Joller does not teach wherein the post- processing includes both (1) modifying at least one of a punctuation, grammar or formatting of the transcription that was introduced by the ASR model and (2) changing or omitting one or more words in the transcription which were included in both the audio speech and the transcription.
Helmbro teaches wherein the post- processing includes both (1) modifying at least one of a punctuation, grammar or formatting of the transcription that was introduced by the ASR model and (2) changing or omitting one or more words in the transcription which were included in both the audio speech and the transcription. (Helmbro, 0042:”Optionally at block 92, text corresponding to filler words is omitted.
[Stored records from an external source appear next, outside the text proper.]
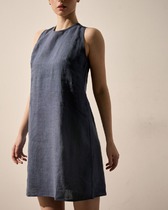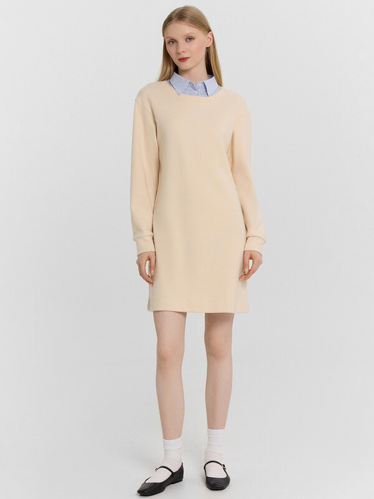 Платье женское прямого силуэта из  трикотажного полотна селаник. Горловина круглой формы, с  притачным воротником с отрезной стойкой из поплина и застежкой на пуговицу. Плечо слегка спущено, пройма углублена. Рукав втачной, длинный, по низу с отрезной манжетой из селаника. Платье длиной чуть выше колена.
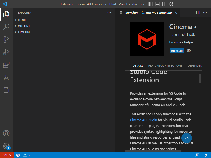 Dès que l'extension Visual Studio Code est installée dans Visual Studio Code, vous devriez voir une boîte rouge avec "C4D X" en bas à gauche de la fenêtre dans la barre d'état. Lorsque vous cliquez dessus, une connexion avec l'échangeur de code précédemment activé dans Cinema 4D est automatiquement établie, de sorte que la couleur de la case dans la barre d'état standard change.
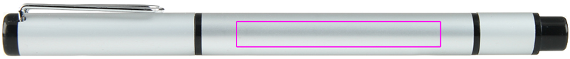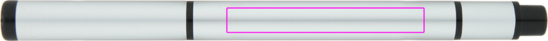 Kulspetspenna i aluminium med svartskrivande refill och gul överstrykningspenna på motsatt sida. Vi graverar din logotyp på skaftet.
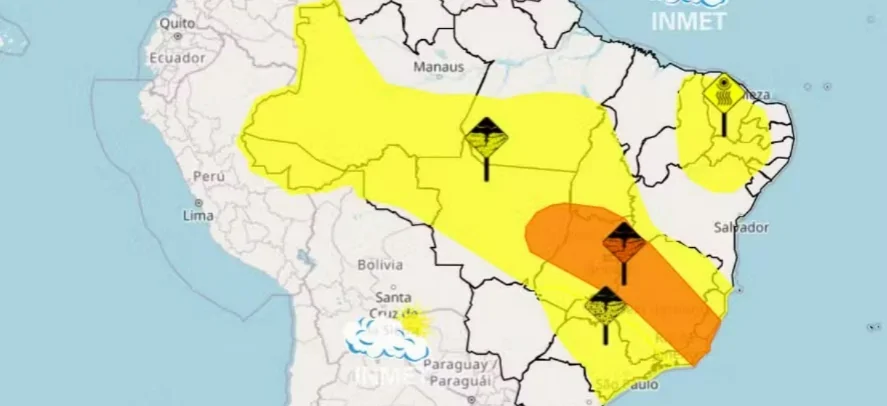 Esse alerta se estende por estados do Centro-Oeste, Sudeste, Norte e parte do Nordeste, incluindo Goiás, Minas Gerais, Mato Grosso, Mato Grosso do Sul, Tocantins, Espírito Santo, Rio de Janeiro, Maranhão, Rondônia, Acre, Amazonas, Pará e Bahia.
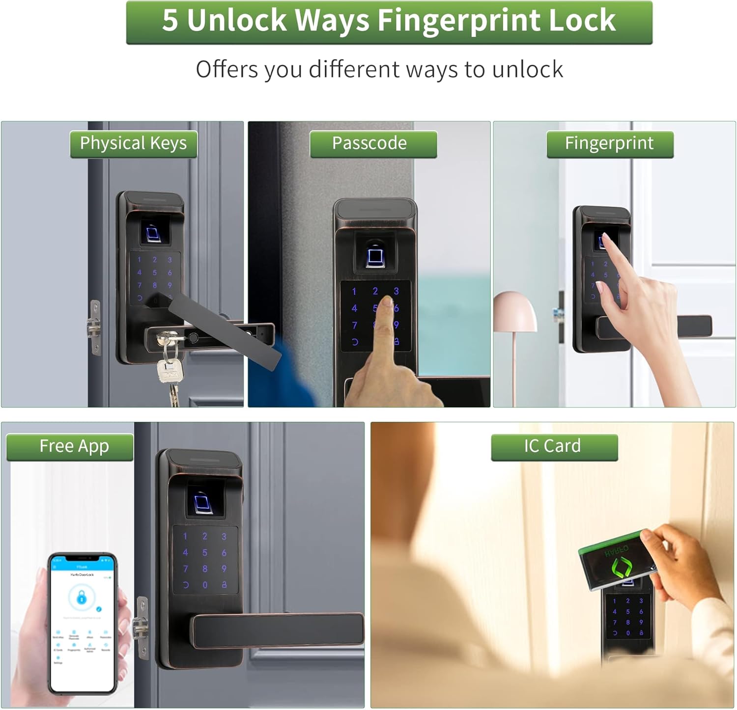 [5 in 1 Smart Door Lock] 5 Forms of unlocking: fingerprint + password + cards IC + Application control + physical keys. The fingerprint door lock supports remotely and works with Alexa/Google Assistant Support Voice Control (you need to match with Gateway, sold separately)

Filler words may be predefined words, such as, for example, “umm”, “ah”, “mmm”, or any other word that is typically used to bridge a gap in time filler words may vary based on language and/or dialect [e.g., filler words for the English language may be different from filler words in the Japanese language]. As filler words are identified in the selected text, they are automatically removed.”, and Par. 0047:” Optionally at block 102, a summarizing algorithm may be applied to the text in order to reduce the number of words in the text container. For example, certain words, such as “a”, “the”, etc. may be omitted in order to reduce the length of the audio clip without altering the message conveyed by the audio clip. Such summarizing algorithms are known in the art and therefore not described herein.”).
Therefore, it would have been obvious before the effective filing date of the claimed invention to a person having ordinary skill in the art to modify Joller in view of Helmbro to employ wherein the post- processing includes both (1) modifying at least one of a punctuation, grammar or formatting of the transcription that was introduced by the ASR model and (2) changing or omitting one or more words in the transcription which were included in both the audio speech and the transcription, in order to provide a simple user interface for editing the audio file, as evidence by Helmbro (See Par. 0036).


Claims 2, and 3 are rejected under 35 U.S.C. 103 as being unpatentable over Joller, and Helmbro, as applied to claims 1, and 2 respectively, and in further view of  Crigler et al. (US20070288518A1)(hereinafter "Crigler").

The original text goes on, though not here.